— THE PROBLEM —
Your answer must be the exact lines of the listing below that run from the line with "- @OneToOne과 @PrimaryKetJoinColumn(name" to the line with "8 in. Widespread", ends included, and no pictures.

— DATA FOR THE TASK —
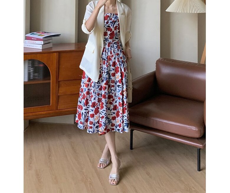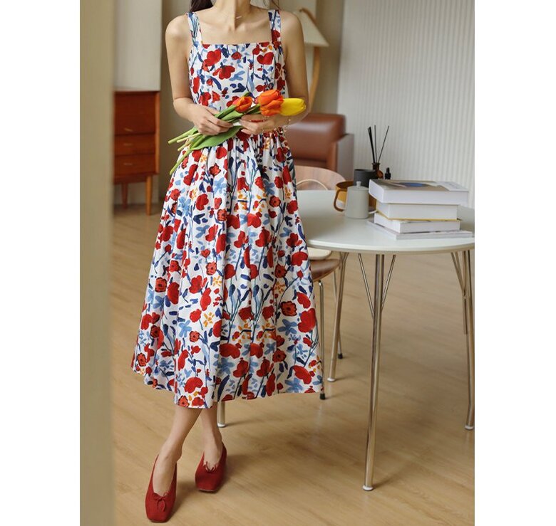 플링 플로워 민소매 원피스
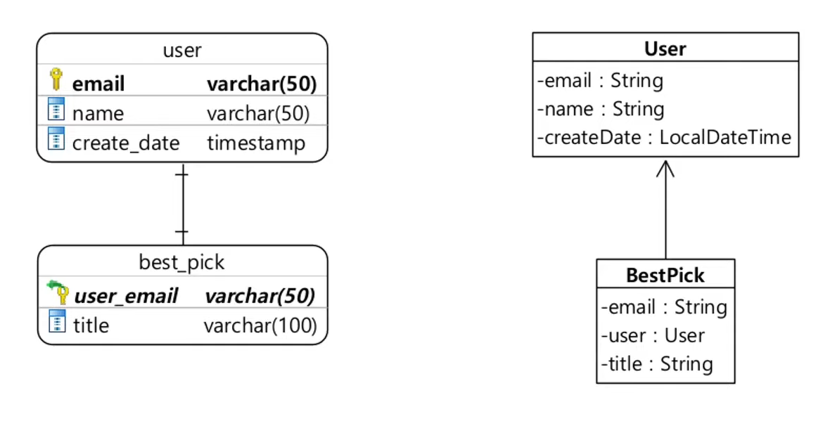 - @OneToOne과 @PrimaryKetJoinColumn(name = "user_email"(best_pick 테이블에서 user테이블을 참조할 때 사용할 칼럼)을 사용하면 된다.
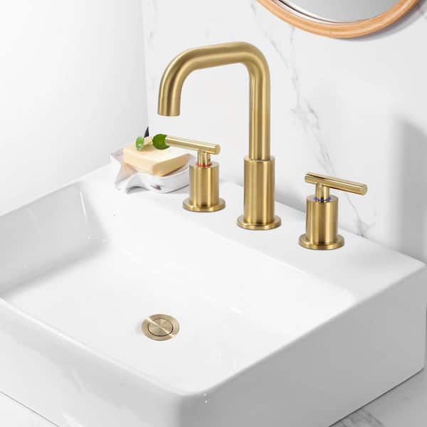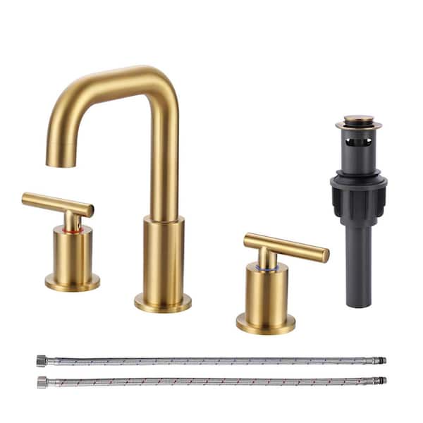 8 in. Widespread Double Handle Bathroom Faucet with Drain Kit and Supply Lines Included in Brushed Gold
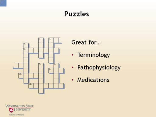 Puzzles are not hard to do. There are inexpensive programs available and some websites that offer free puzzle programs. All you need to do is put in the terms and the definitions. In addition to learning terminology and facts.
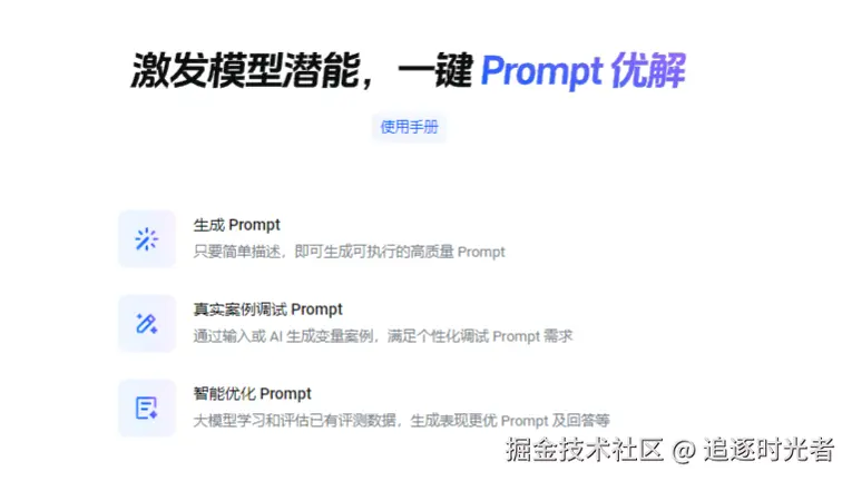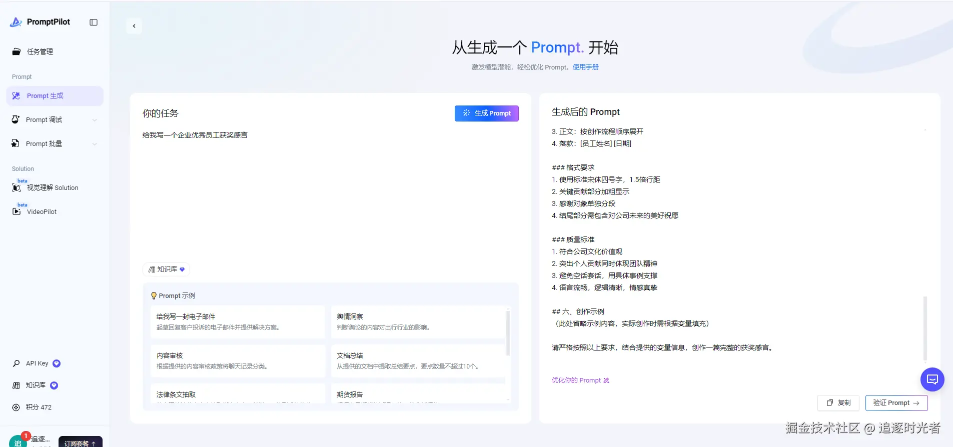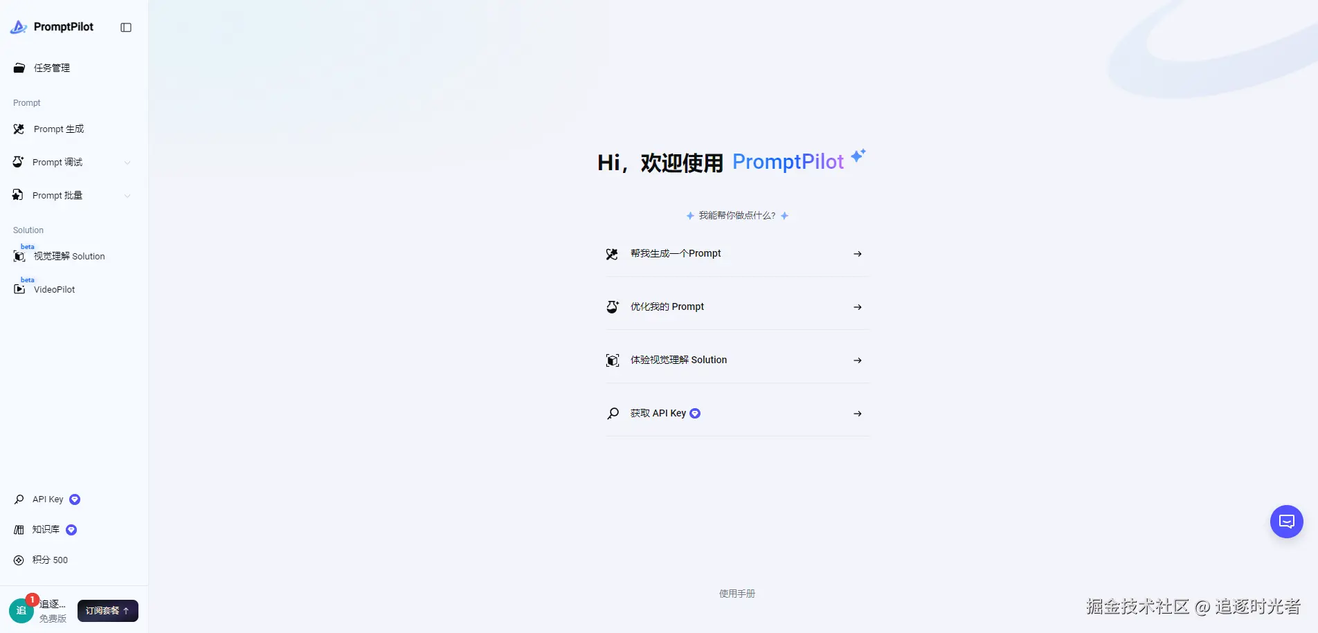 PromptPilot 是由字节跳动推出的一款专注于 AI 提示词优化与提示词生成的实用工具。该工具旨在帮助用户更高效地生成和优化 AI 提示词,提升与 AI 模型的交互效率和质量。通过 PromptPilot,用户可以轻松地创建、调试和管理提示词,以满足多样化的应用场景需求。
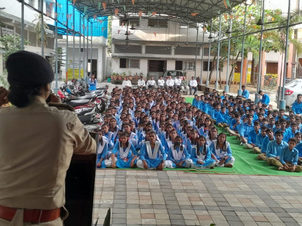 कार्यक्रम की शुरुआत अतिरिक्त पुलिस अधीक्षक नीरज चंद्राकर जी के द्वारा रचित गीत से की गई। अतिरिक्त पुलिस अधीक्षक गरिमा द्विवेदी जी ने बच्चों को विभिन्न प्रकार के अपराधों से बचने के उपाय बताएं और इन अपराधों से दूर रहने की बात भी समझाया ।छात्र विद्यालय में रखे हुए सुझाव पेटी या शिकायत पेटी में अपनी बात स्पष्ट रूप से लिखकर देने की बात कही।
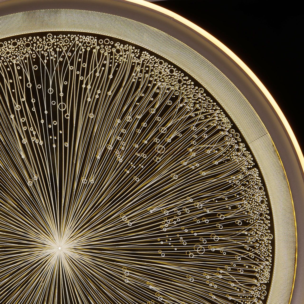 Металлическое основание потолочной люстры окрашено в белый цвет. Корпус плафона выполнен из сплава алюминия с цинком и окрашен в серебряный цвет. Изнутри плафон гальванизирован в цвет золота. Светодиодные источники света закрыты прозрачным акрилом с 3D-эффектом. Светодиоды по периметру плафона закрыты белым матовым силиконом. Комментарий
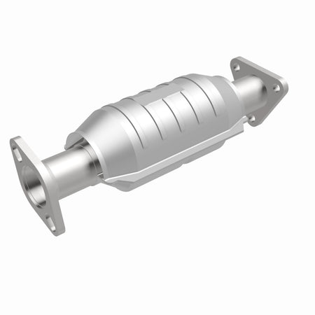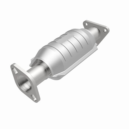 Keep the check engine light off with MagnaFlow HM Grade Federal/EPA Compliant Direct-Fit Catalytic Converter 23879. With features including free-flowing mandrel-bent tubing and highly corrosion resistant stainless steel construction, easily install this spun body converter yourself using the proper tools, no cutting or welding required. MagnaFlow's state-of-the-art metrology department uses the latest 3D scanning systems during research and development, so you can be confident that your new part will fit and function like the original equipment. By replicating the OE spun body design, the single laser fusion weld greatly reduces the possibility of a leak, and our compact, low-mass design also allows for greater thermal efficiency. This direct-fit catalytic converter is designed specifically for the 1995-1997 Hyundai Accent and interchanges with OE part 28950-22070. This replacement part is designed to meet or exceed Federal emissions requirements set forth by the EPA, complying with legal standards for OBDII Federally registered vehicles with Federal/EPA Emission systems.
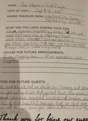 A week aboard the Adara with captain Dmitri, deckhand and concierge Philip, and the amazing chef Penelope was an absolute dream. Our broker took a LOT of time making sure to find a good match for our 25th anniversary on the Aegean Sea, our first charter, sailing to beaches and ports on the Greek islands. It was just the two of us on a catamaran that holds up to eight guests, so we had plenty of room and it seemed that the crew was happy to have only two guests for the week. We were flexible with our itinerary and trusted the captain, which kept us away from windy weather further to the south around Santorini. We saw the most beautiful sunsets (and a moonrise!), swam the clearest water, ate the most delicious food. We are ruined for future vacations, addicted to chartering.
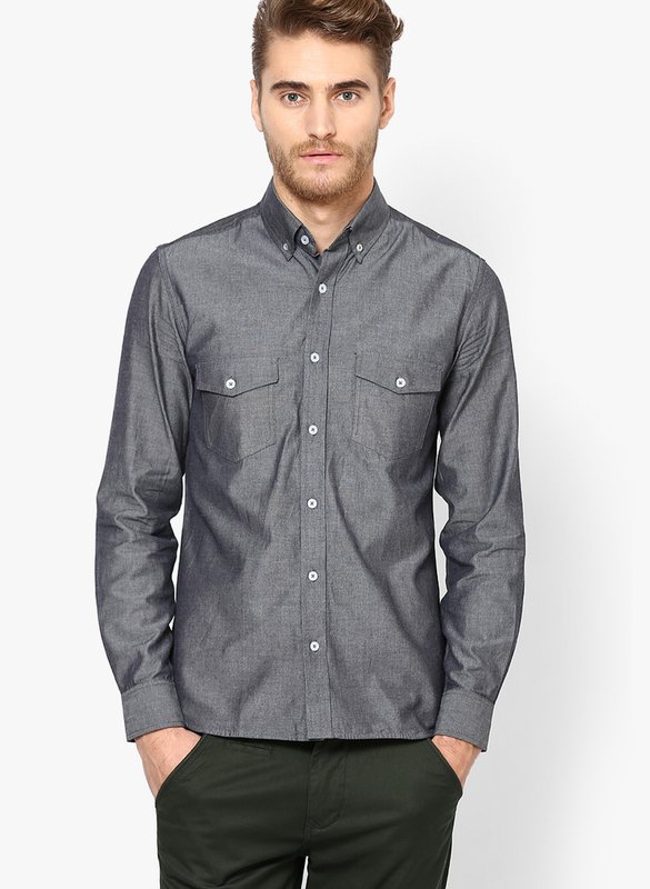 Jabong has Rigo Charcoal Grey Solid Slim Fit Casual Shirt for Rs.999.00 with Free Shipping
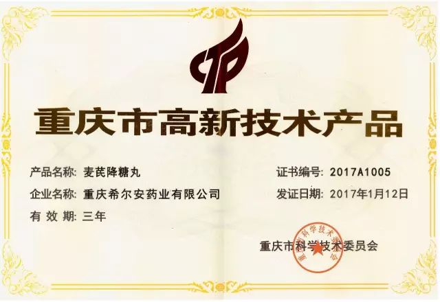 根据《重庆市高新技术产品(服务)认定管理办法》有关规定,我司组织人员积极申报,经市科委组织专家评审和公示等程序,小儿黄龙颗粒、舒肝顺气丸、金蝉止痒软膏、麦芪降糖丸等4项产品被市科委认定为2016年度重庆市高新技术产品,有效期三年。高新技术产品收入占企业周期总收入的比例不低于60%,是国家高新技术企业的认定条件之一。

— REPLY TO THE TASK —
 - @OneToOne과 @PrimaryKetJoinColumn(name = "user_email"(best_pick 테이블에서 user테이블을 참조할 때 사용할 칼럼)을 사용하면 된다.
 8 in. Widespread Double Handle Bathroom Faucet with Drain Kit and Supply Lines Included in Brushed Gold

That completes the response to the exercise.